Coding Protest Event Data & Studying Black Protest

The MPEDS (Machine-Learning Protest Event Data System) project was funded by National Science Foundation grant #1423784. Our current NSF-funded project # 1918342 builds on that earlier work to study Black protest. The core team on this new project are PIs Pamela Oliver and Chaeyoon Lim, grad students David Skalinder and Morgan Matthews, and consultant Alex Hanna.

Black Protest (2019-2021)

Now that MPEDS is basically working, we are using it to collect data. Our first project used MPEDS to identify news stories about Black protests in news wire sources. A working paper from this project is posted on SocArXiv. Our main methodological innovations beyond developing MPEDS are developing better data systems to maintain the relational information linking events to the articles describing them and better work flows and tools for human coding of protest data. As we develop these systems we will both improve the reproducibility and accuracy of the data we have already obtained from newswires and add news coverage from Black newspapers.

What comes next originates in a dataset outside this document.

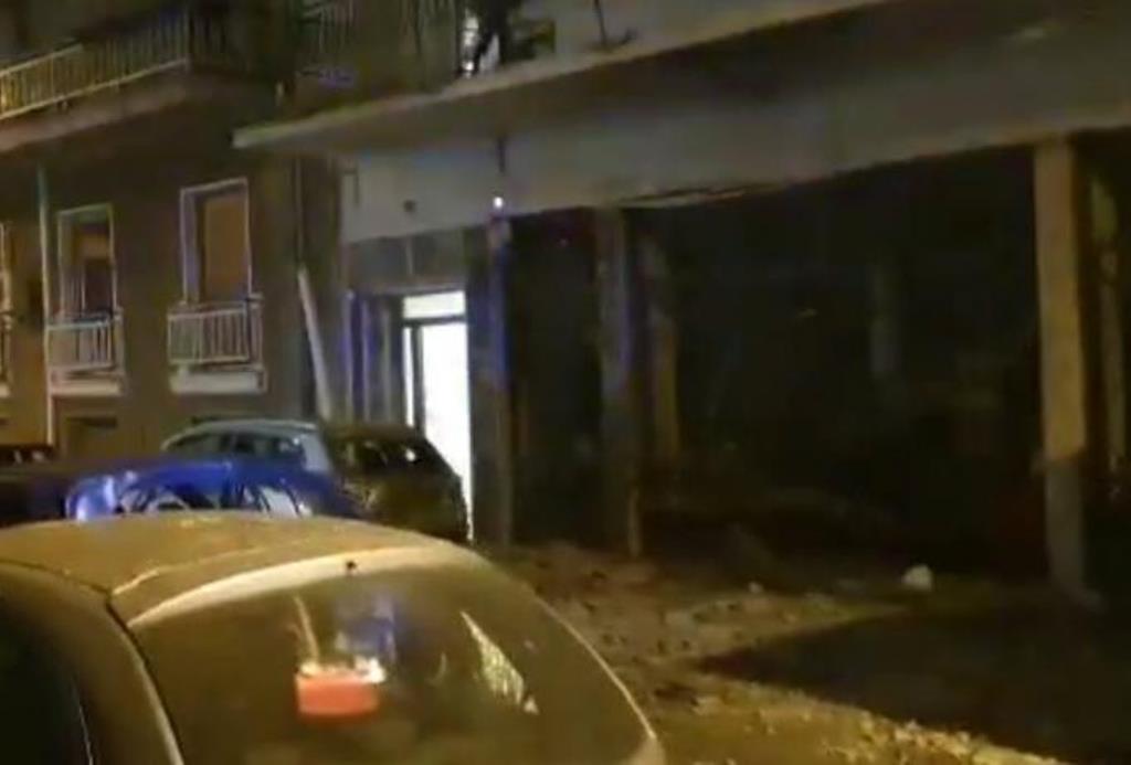 Το ωστικό κύμα από την έκρηξη της βόμβας προκάλεσε εκτεταμένες υλικές ζημιές στο κατάστημα, στην είσοδο διπλανής πολυκατοικίας αλλά και σε σταθμευμένα οχήματα.

Here are some graphs from the working paper.

MPEDS (2014-2017)

The goal of the MPEDS project was to replace the labor-intensive process of having human coders look for information about protests in news sources with a computerized process. Many researchers want to be able to study the conditions under which protest emerges or grows and the ways in which protest affects social policy and/or is repressed. Researchers want to study whether movements around different types of issues exhibit different patterns and whether different “types” of places give rise to different movements. Do environmental movements have different patterns of growth from feminist or Black movements? Do they use similar or different tactics? Are they responded to similarly or differently by police? Human coding of news sources to find information about protests takes a long time and costs a lot in the wages for the human coders. For this reason, most projects are limited to a single issue or a short time period or just one or two news sources. These practical limits make it difficult to know how general the results from one study will be for other issues or places or time periods.

The Machine-Learning Protest Event Data System (MPEDS), developed by project member Alex Hanna, is the first of its kind coming from within the social movement community that is specifically focused on identifying and coding information about protests. MPEDS uses recent innovations from machine learning and natural language processing to generate protest event data with little to no human intervention. This permits the timely coding of information about recent and current events and improves the ability to code information on historical events from the growing pool of sources that are available in machine-readable format. MPEDS is already working for us. The latest version is posted on GitHubAlex Hanna has  papers  (some sole-authored and some co-authored with other team members) that describe the accuracy statistics of MPEDS that vary with the types of materials it is trained on, and give examples of how it can be used.

Other team members besides Alex Hanna are Pamela Oliver and Chaeyoon Lim (PIs).  Graduate students Emanuel Ubert and Katherine Fallon, and a host of undergraduates also participated. The rest of us have primarily worked on the problem of human-coding articles from a wide variety of sources to feed them to MPEDS as training materials. One of the things we have learned on this project is that human coders do not always agree with each other about whether something is a protest or about its descriptive characteristics. We will be writing articles about the overall problem of coding protest events and weighing MPEDS’s accuracy against human coding.